[Entries taken from a collection]
*** Begin section ***

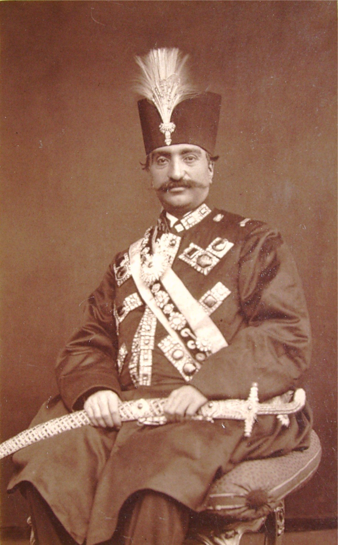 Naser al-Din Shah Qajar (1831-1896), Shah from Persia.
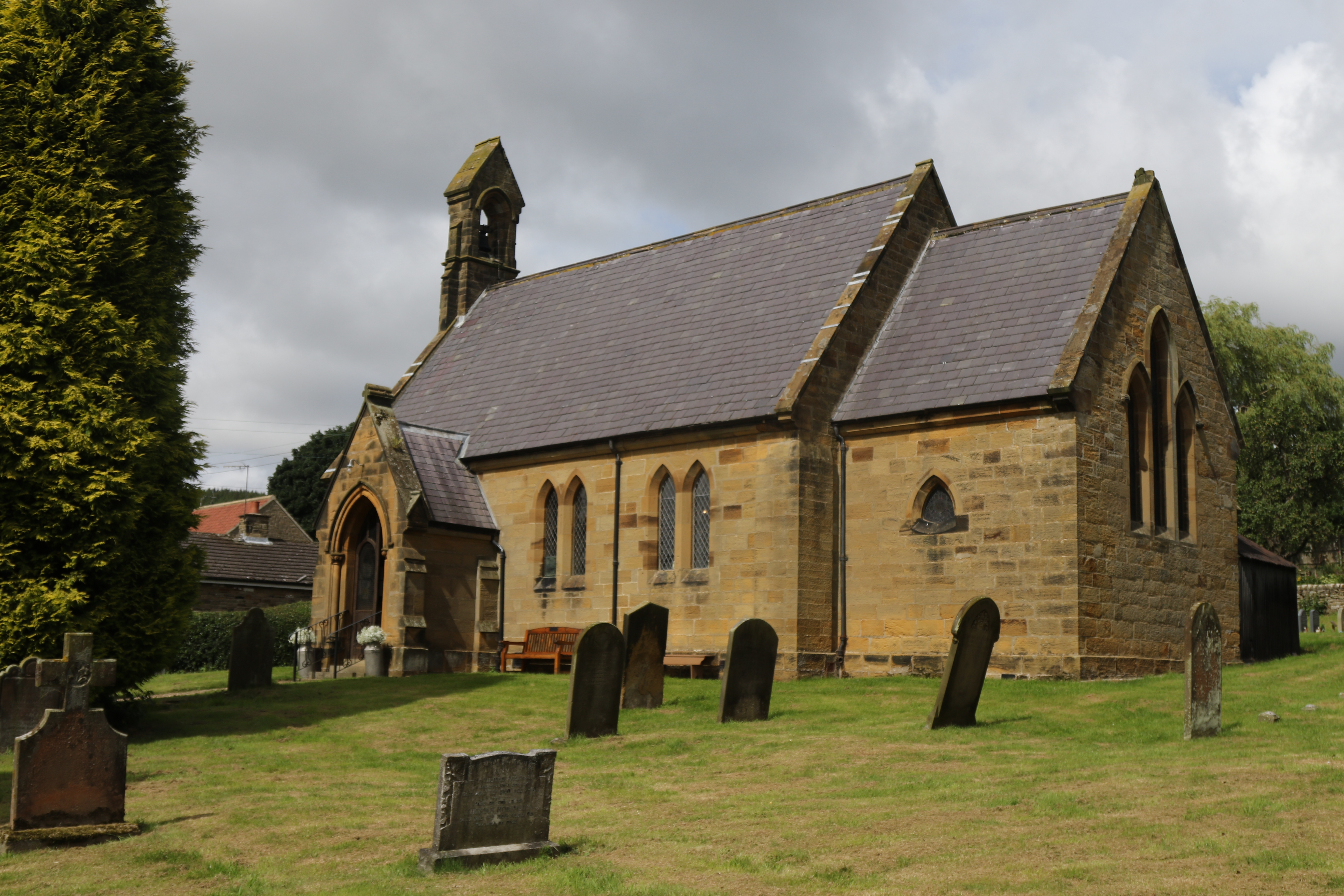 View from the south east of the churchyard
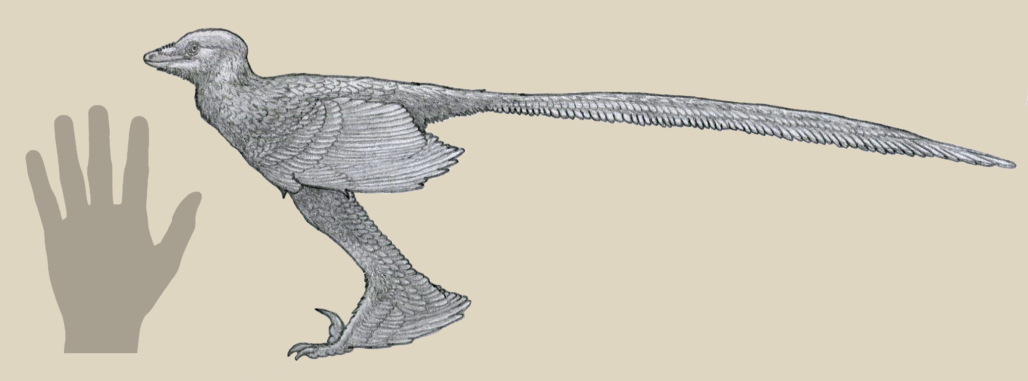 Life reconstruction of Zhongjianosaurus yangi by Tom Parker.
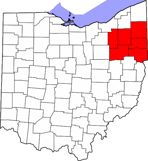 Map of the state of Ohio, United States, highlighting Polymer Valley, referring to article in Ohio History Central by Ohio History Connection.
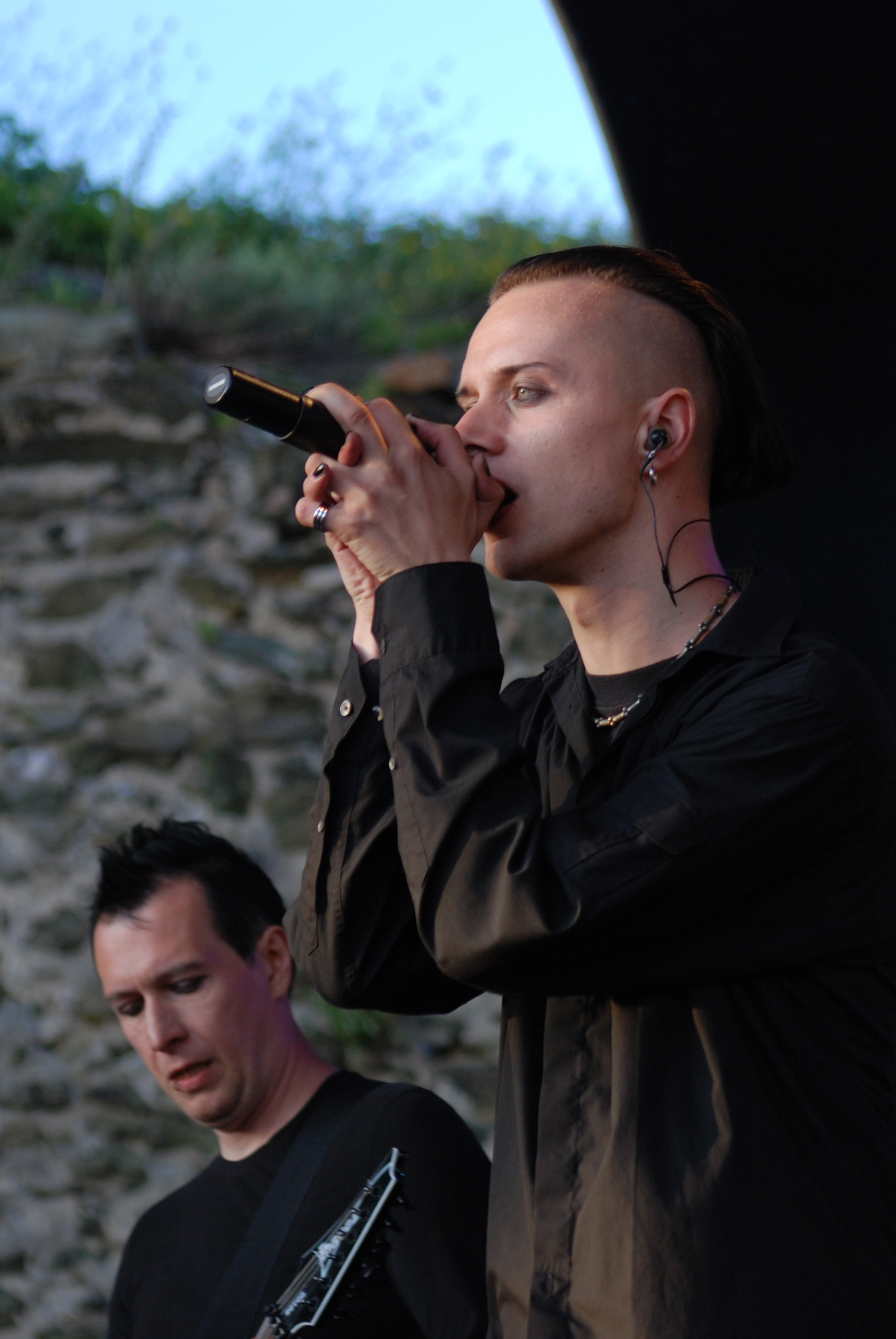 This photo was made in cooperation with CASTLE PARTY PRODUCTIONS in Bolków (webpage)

*** End section ***

BRIEF: Copy every line above exactly; images stay out.

ANSWER TO THE EXERCISE:
 Naser al-Din Shah Qajar (1831-1896), Shah from Persia.
 View from the south east of the churchyard
 Life reconstruction of Zhongjianosaurus yangi by Tom Parker.
 Map of the state of Ohio, United States, highlighting Polymer Valley, referring to article in Ohio History Central by Ohio History Connection.
 This photo was made in cooperation with CASTLE PARTY PRODUCTIONS in Bolków (webpage)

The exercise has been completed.